Much ado about neo-conservatives

Jonah Goldberg wonders “what the heck is a neo-conservative?” The question is prompted by a spate of recent stories in the liberal press abusing the term. In these accounts, Goldberg observes, neo-conservatives are sometimes former Trotskyists, sometimes Straussians, sometimes the people who control National Review, sometimes the people who consider National Review a relic, and so on. Goldberg hopes “to destroy, or at least pare back, the increasingly ludicrous use of the word.”
This is a worthy goal because, in my view, there was never a sharp distinction between mainstream conservative and neo-conservative, and today there is, for all practical purposes, no distinction at all. At the time neo-conservatism emerged, mainstream conservatism was essentially synonymous with Reaganism, Its core principles were staunch anti-communism in foreign policy, anti-permissiveness in social policy, and lower taxes, free markets, and free trade in economic policy. Reaganism was different in certain important respects from earlier brands of mainstream conservatism, but those brands were already outside of the mainstream by the time neo-conservatism emerged in the mid-1970s. At most, the neo-conservatives may have provided an extra shove.

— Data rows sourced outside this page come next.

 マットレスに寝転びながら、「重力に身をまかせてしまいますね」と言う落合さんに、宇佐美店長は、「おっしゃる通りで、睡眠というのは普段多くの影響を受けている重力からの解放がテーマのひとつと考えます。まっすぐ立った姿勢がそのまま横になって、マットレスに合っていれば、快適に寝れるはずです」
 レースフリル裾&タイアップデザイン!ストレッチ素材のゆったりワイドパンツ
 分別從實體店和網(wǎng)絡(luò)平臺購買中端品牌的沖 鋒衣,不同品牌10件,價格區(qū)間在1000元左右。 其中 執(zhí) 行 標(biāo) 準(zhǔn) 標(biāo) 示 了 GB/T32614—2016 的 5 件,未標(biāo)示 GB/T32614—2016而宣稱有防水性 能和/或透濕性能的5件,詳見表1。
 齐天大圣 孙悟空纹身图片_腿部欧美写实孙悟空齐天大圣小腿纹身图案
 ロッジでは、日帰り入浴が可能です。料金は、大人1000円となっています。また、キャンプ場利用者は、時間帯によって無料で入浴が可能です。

The neo-conservatives became conservatives because they agreed with the anti-communist strand of Reaganism. Their contribution to the cause was immediate and substantial largely, I would argue, because of the passion, energy, intellect, and polemical skill they brought to bear, and not because they transformed the content of mainstream conservatism. In other words, they added steel far more than new substance. Some neo-conservatives were, at first, almost agnostic about Reaganite social and/or economic policy. Others agreed with these aspects of Reaganism, but not passionately. Thus, in the early days there was a distinction between mainstream conservatives and neo-conservatives, but not a major one.

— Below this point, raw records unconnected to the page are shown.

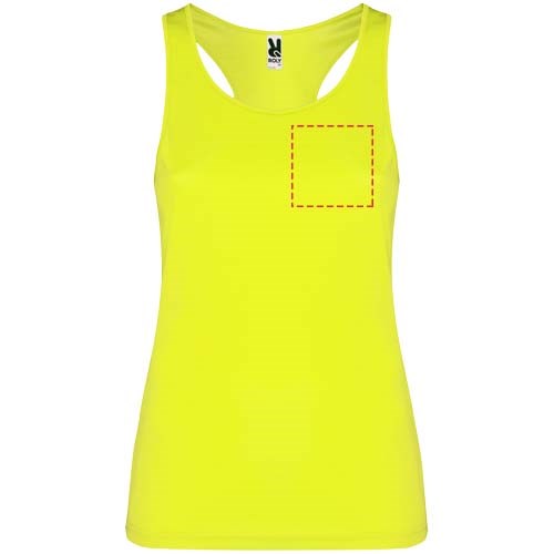 Technische, ademende, gemakkelijk te wassen en te drogen stof. Geribde armsgaten en halslijn. Racerback en zijnaden. Verwijderbaar label.
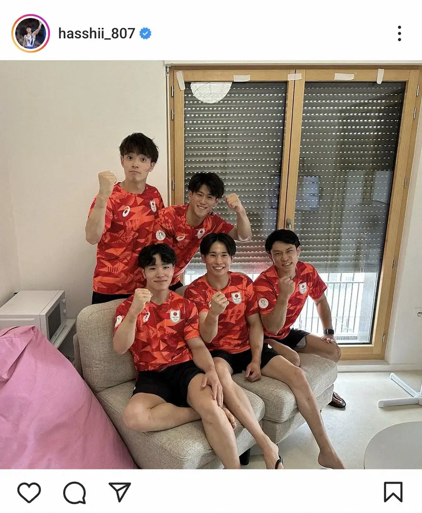 選手村と思われる一室での自身と、岡慎之助、萱和磨、杉野正尭、谷川航がボーズを決める集合ショットをアップ。
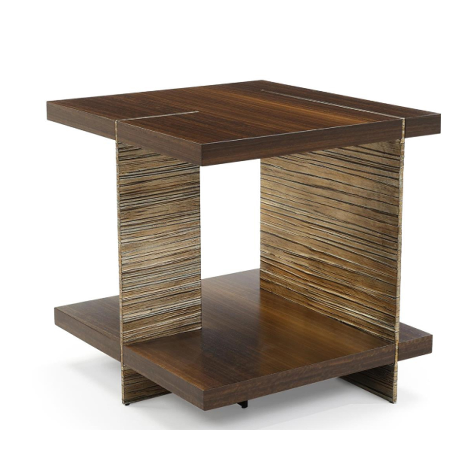 The Altillo End Table is a gorgeous statement piece that demonstrates an innovative use of negative space. Dual layers of Light Smoked eucalyptus wood are separated by two textural steel legs in a Rose Silver finish, creating a stylish juxtaposition between natural and metallic tones. The legs are affixed at perpendicular angles to result in a dynamic, asymmetric look that elevates an interior space.
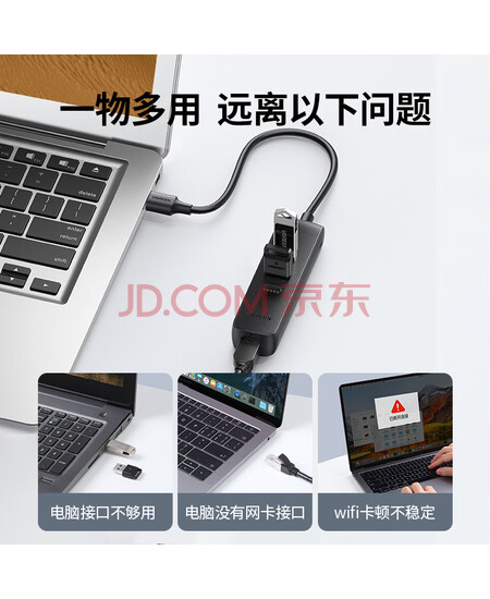 绿联USB转百兆网口扩展坞分线器 外置有线网卡网线转接头 适用笔记本台式电脑拓展HUB集线器RJ45转换器
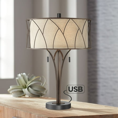 Franklin Iron Works Mid Century Modern Table Lamp With Usb
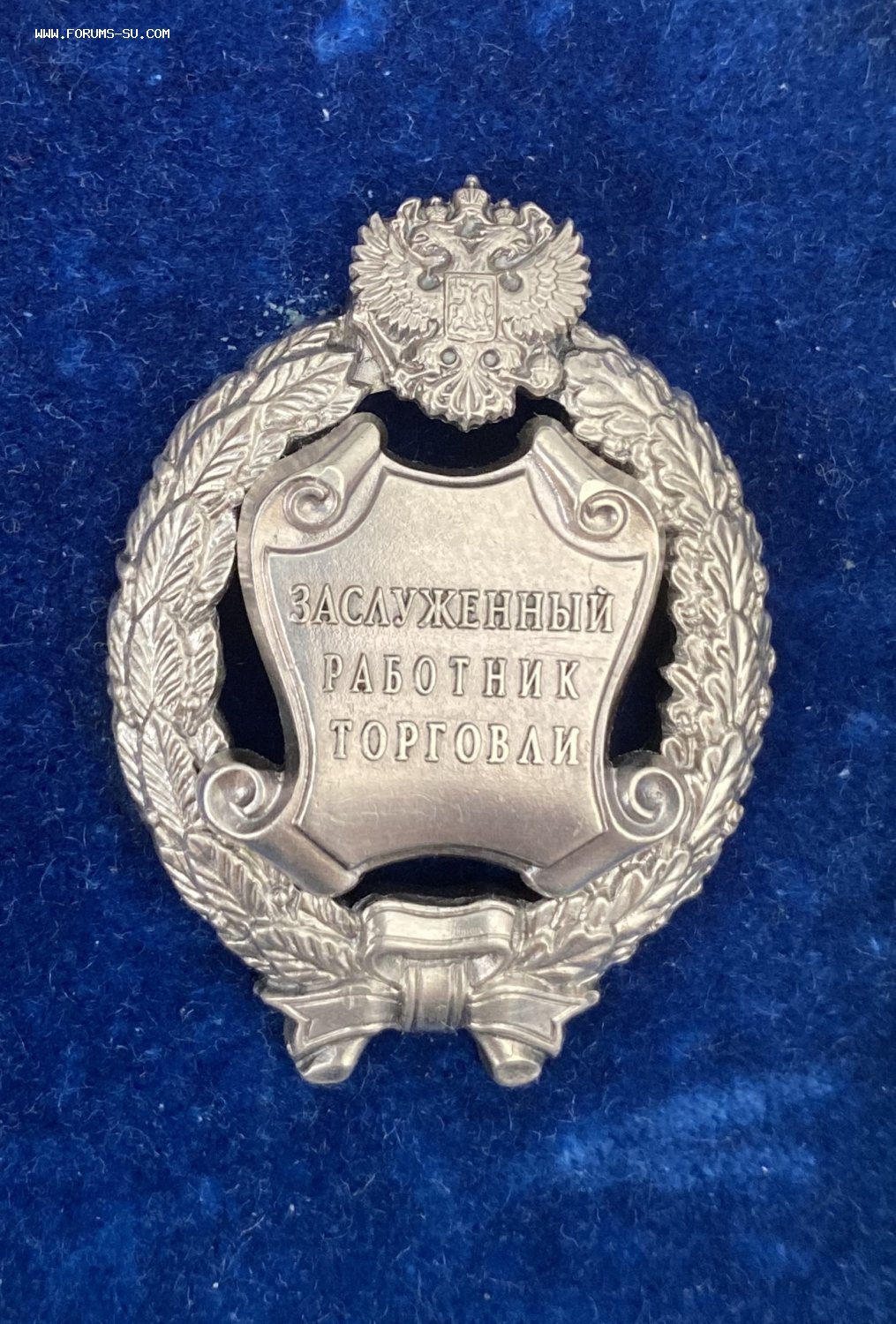 Заслуженный работник торговли РФ. Редкий. Упразднён в 2010 г. Кол-во награждений 1532 согласно Википедии. Вес 23.00г. МПЦ 25000 блиц 30000
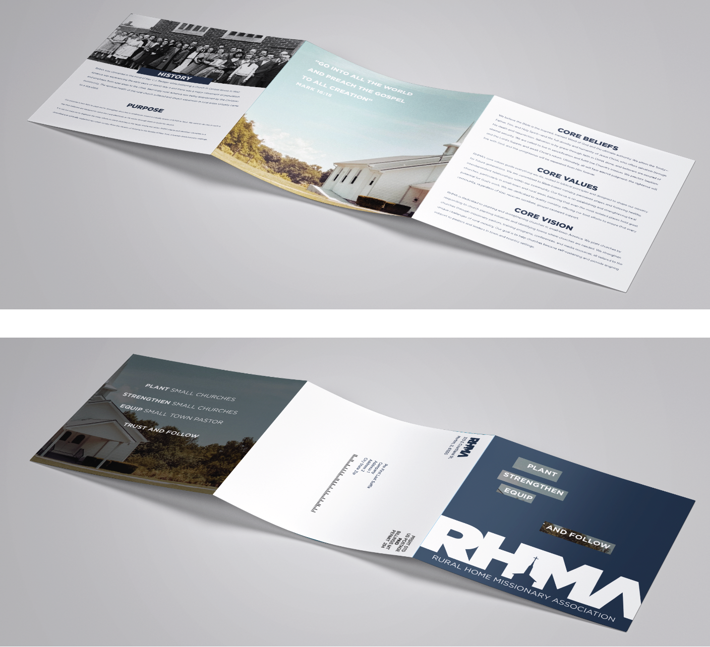 A comprehensive rebranding and visual update for RHMA, a nonprofit dedicated to providing services to small churches in rural America. This project provided a cleaner, simplified brand identity, allowing stronger, easier communication. The wordmark and typography enhance clarity and support the company's trustworthy identity. The entire identity sought to create mission-driven imagery across their digital and print materials.

Before long, most neo-conservatives became quite comfortable with the economic and social tenets of mainstream, Reaganite conservatism (the anecdote at the end of Goldberg’s piece illustrates this). Many became passionate voices on these issues. Indeed, the modes of intellectual combat that neo-conservatives brought to the struggle against communism and leftist foreign policy proved quite transferable to the culture wars, perhaps because the two struggles, and for that matter the economic one as well, are not unrelated. Thus, the original distinction between neo-conservatism and mainstream conservatism, such as it was, disappeared.
While this was happening, though, the Soviet empire was disintegrating and Reagan was fading from the political scene. As a result, strands of older forms of conservatism, notably isolationism, protectionism, and xenophobia, made a comeback. However, the comeback has not been successful, as the failure of Pat Buchanan’s candidacies demonstrates. Mainstream conservatism remains essentially what it was during the Reagan years, except that now anti-Communism has been replaced by anti-militant Islamism. Given this state of affairs, Jonah Goldberg is correct – the term neo-conservative is not needed today. “Conservative” (a term that, as Goldberg notes, is often absent from discussions of neo-conservatism) will do just fine.
Why all the chatter about neo-conservatism, then? The most basic answer, I think, is that the term conservative (unlike “liberal”) is not regarded unfavorably by most Americans. Indeed, something like a majority of Americans may now consider themselves conservative. So for liberals, “neo-conservative” is really just a fancy way for people who got tired of saying “right-winger” (and who would really like to say “fascist”) to describe their foes in a pejorative sounding way. And for non-mainstream conservatives, such as those of the Buchananite persuasion, “neo-conservative” is a way to maintain the fiction that true conservatism was hijacked and perverted by outsiders, specifically Jewish Trotskyites.
For these reasons, I wish Jonah Goldberg well in his mission, and eagerly await the follow-up articles he promises to publish in furtherance thereof.